##### Task material #####

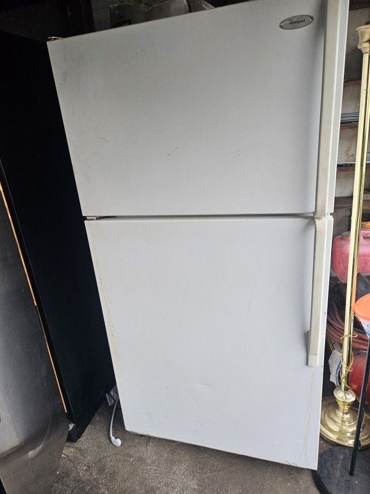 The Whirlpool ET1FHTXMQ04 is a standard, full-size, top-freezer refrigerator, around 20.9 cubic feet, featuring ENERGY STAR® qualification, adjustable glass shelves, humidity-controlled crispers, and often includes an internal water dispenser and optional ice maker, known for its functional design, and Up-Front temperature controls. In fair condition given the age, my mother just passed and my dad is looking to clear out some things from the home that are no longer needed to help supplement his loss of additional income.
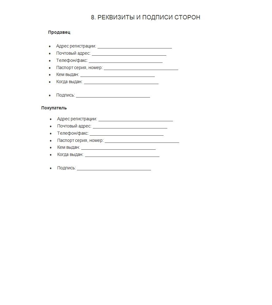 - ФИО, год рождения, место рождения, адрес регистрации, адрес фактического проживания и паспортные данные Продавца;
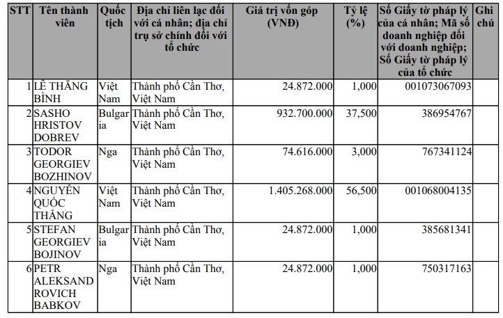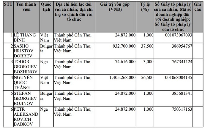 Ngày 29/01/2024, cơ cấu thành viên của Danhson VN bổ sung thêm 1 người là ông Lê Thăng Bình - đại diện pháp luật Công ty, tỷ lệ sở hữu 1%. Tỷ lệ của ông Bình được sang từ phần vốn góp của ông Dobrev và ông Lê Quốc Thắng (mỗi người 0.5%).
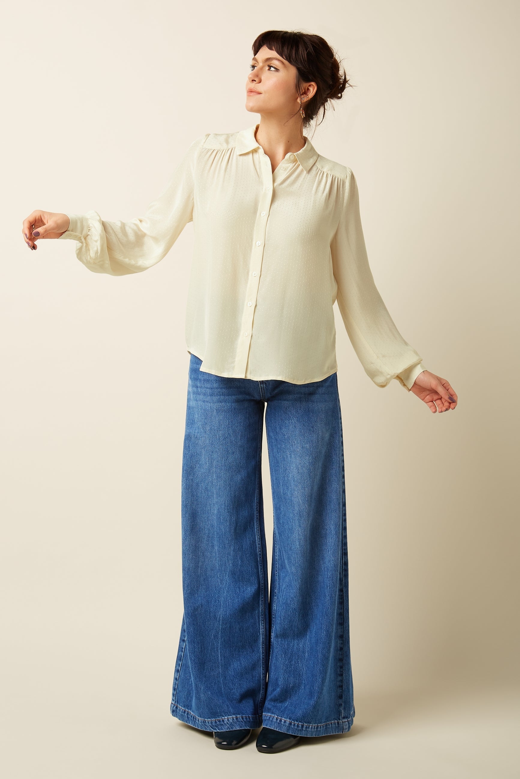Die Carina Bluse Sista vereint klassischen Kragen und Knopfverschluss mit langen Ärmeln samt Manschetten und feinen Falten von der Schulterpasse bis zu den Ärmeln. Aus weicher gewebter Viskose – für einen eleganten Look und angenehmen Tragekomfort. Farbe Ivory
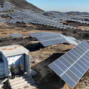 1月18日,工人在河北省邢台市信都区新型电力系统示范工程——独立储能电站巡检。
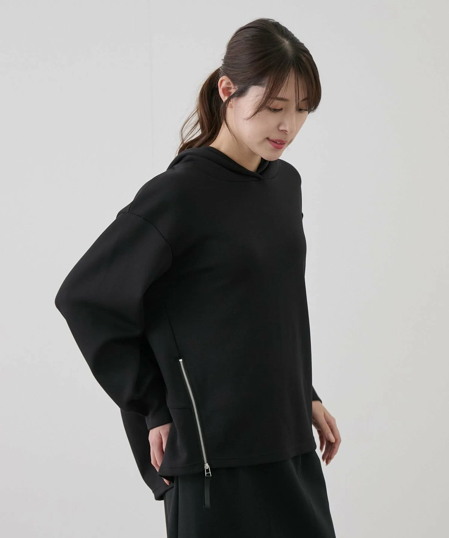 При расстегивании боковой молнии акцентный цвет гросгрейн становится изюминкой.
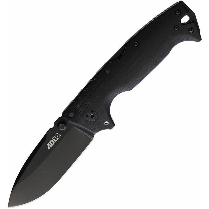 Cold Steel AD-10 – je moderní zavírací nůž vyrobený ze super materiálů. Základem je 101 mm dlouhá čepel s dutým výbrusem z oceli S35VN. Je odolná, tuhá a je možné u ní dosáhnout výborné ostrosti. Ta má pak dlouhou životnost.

#####

Exercise prompt: Reproduce the entries above without change, omitting all pictures.

Solution to this problem:
 The Whirlpool ET1FHTXMQ04 is a standard, full-size, top-freezer refrigerator, around 20.9 cubic feet, featuring ENERGY STAR® qualification, adjustable glass shelves, humidity-controlled crispers, and often includes an internal water dispenser and optional ice maker, known for its functional design, and Up-Front temperature controls. In fair condition given the age, my mother just passed and my dad is looking to clear out some things from the home that are no longer needed to help supplement his loss of additional income.
 - ФИО, год рождения, место рождения, адрес регистрации, адрес фактического проживания и паспортные данные Продавца;
 Ngày 29/01/2024, cơ cấu thành viên của Danhson VN bổ sung thêm 1 người là ông Lê Thăng Bình - đại diện pháp luật Công ty, tỷ lệ sở hữu 1%. Tỷ lệ của ông Bình được sang từ phần vốn góp của ông Dobrev và ông Lê Quốc Thắng (mỗi người 0.5%).
Die Carina Bluse Sista vereint klassischen Kragen und Knopfverschluss mit langen Ärmeln samt Manschetten und feinen Falten von der Schulterpasse bis zu den Ärmeln. Aus weicher gewebter Viskose – für einen eleganten Look und angenehmen Tragekomfort. Farbe Ivory
 1月18日,工人在河北省邢台市信都区新型电力系统示范工程——独立储能电站巡检。
 При расстегивании боковой молнии акцентный цвет гросгрейн становится изюминкой.
 Cold Steel AD-10 – je moderní zavírací nůž vyrobený ze super materiálů. Základem je 101 mm dlouhá čepel s dutým výbrusem z oceli S35VN. Je odolná, tuhá a je možné u ní dosáhnout výborné ostrosti. Ta má pak dlouhou životnost.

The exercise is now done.